Initially not intending to head across the Tasman with his charge, Wallace quickly changed his mind a couple of days after Pennyweka’s New Zealand Oaks victory, and he is glad he did.

“I had declined the opportunity to make the second payment for the (Australian) Oaks before she ran at Wellington because I thought win, lose or draw she probably would have had enough,” he said.

“On the Monday following (her New Zealand Oaks win) she had a bit of a trot around and the girl that rides all the work for me, Vania Mason, came back and said she was better that day than she was on Friday.

“After a couple of days, we had a consult with the syndicate, made the payment, went to Sydney and the rest is history.

“Any time you can take something over to Australia is great. It had been a long time since I had one good to go. It was really satisfying.”

Wallace also enjoyed the atmosphere her sizeable syndicate brought to her races.

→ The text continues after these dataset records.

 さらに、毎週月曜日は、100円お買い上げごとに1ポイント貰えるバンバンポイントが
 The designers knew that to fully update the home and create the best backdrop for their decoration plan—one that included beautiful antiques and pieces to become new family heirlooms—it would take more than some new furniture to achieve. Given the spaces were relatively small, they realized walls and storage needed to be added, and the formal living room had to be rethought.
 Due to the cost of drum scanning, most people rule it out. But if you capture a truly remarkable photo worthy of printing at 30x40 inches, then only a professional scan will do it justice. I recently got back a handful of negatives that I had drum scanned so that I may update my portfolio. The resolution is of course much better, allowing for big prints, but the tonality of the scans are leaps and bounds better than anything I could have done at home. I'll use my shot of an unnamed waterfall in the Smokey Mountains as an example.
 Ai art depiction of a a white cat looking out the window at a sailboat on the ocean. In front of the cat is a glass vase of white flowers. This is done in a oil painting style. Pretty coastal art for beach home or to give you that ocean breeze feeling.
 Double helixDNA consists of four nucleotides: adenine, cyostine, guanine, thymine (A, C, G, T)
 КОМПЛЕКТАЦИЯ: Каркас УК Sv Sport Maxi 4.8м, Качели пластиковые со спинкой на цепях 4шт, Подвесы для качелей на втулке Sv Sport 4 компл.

“They were magic,” he said. “I didn’t have a lot to do with the syndicate, my sister-in-law (Janine) runs those syndicates and she does a wonderful job with them. We had them all here the day after we got back from Australia. They were a fantastic group to deal with, they were so enthusiastic. They are all devastated with the news, but racing is a fickle business.”

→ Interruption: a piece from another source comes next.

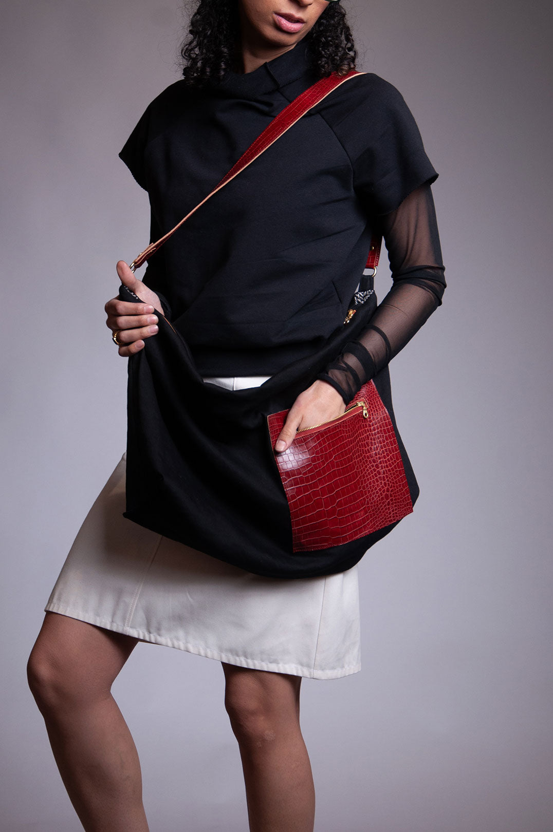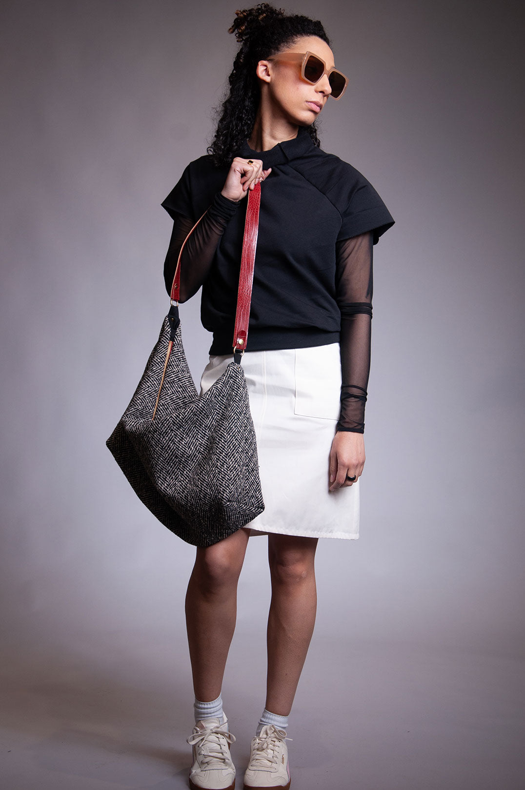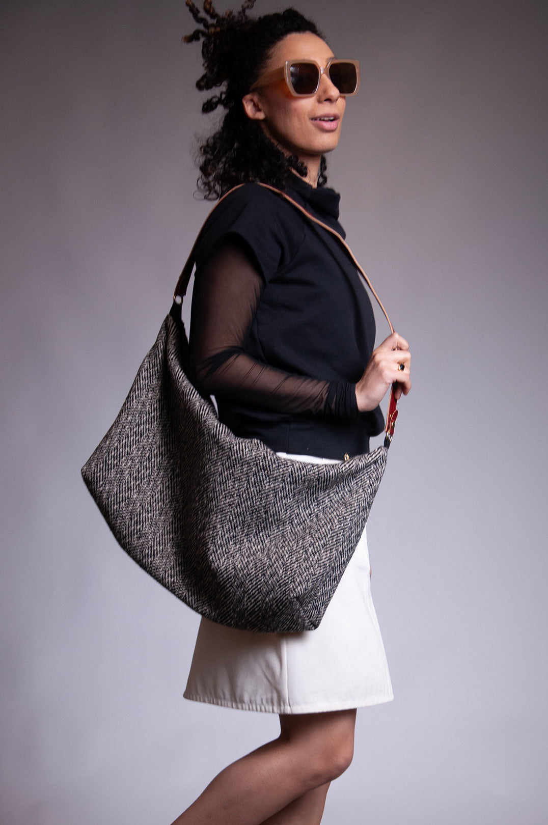 Large reversible handbag with red, tan, and teal wool stripe on one side and black denim on the other. Large black leather pocket on side two. This bag will carry the kitchen sink (or at least your laptop). Black leather strap. Can be worn over the shoulder or cross body.

The focus will now turn towards her future broodmare career, but Wallace said he and Les have yet to decide whether to breed from her themselves or accept one of the many offers on the table from several interested international breeders.

“We haven’t discussed that (future) as such yet,” he said. “There has been a huge amount of interest in her from commercial breeders throughout Australasia and further afield, but we will worry about that in the New Year. Les is away, so when he comes back we will have a sit down and talk about it and make some decisions.”

While the curtain has come down on the racing career of Pennyweka, the Wallaces still have plenty to look forward to from her family.

“We have got a half-brother going to the Karaka sales and the mare is safely in-foal to Satono Aladdin again, so there is a bit to look forward to,” he said.

Pennyweka’s half-brother will go through their Ardsley Stud draft at Karaka as lot 483, and Wallace said he is a more impressive type than his Group One-winning sibling.

“Looking at him physically, he is a much better type than she is. She is a pretty plain mare than can run like hell,” Wallace said.

“He is a very nice colt and is a strong, powerful and correct animal. Indications are that he should be able to run, he is a really nice horse.”

With the year quickly coming to an end, Wallace is taking the time to reflect on the highs and lows it has brought, and the thrill a homebred mare has brought to him, his family, and her sizeable syndicate.

“It has been a great ride,” he said.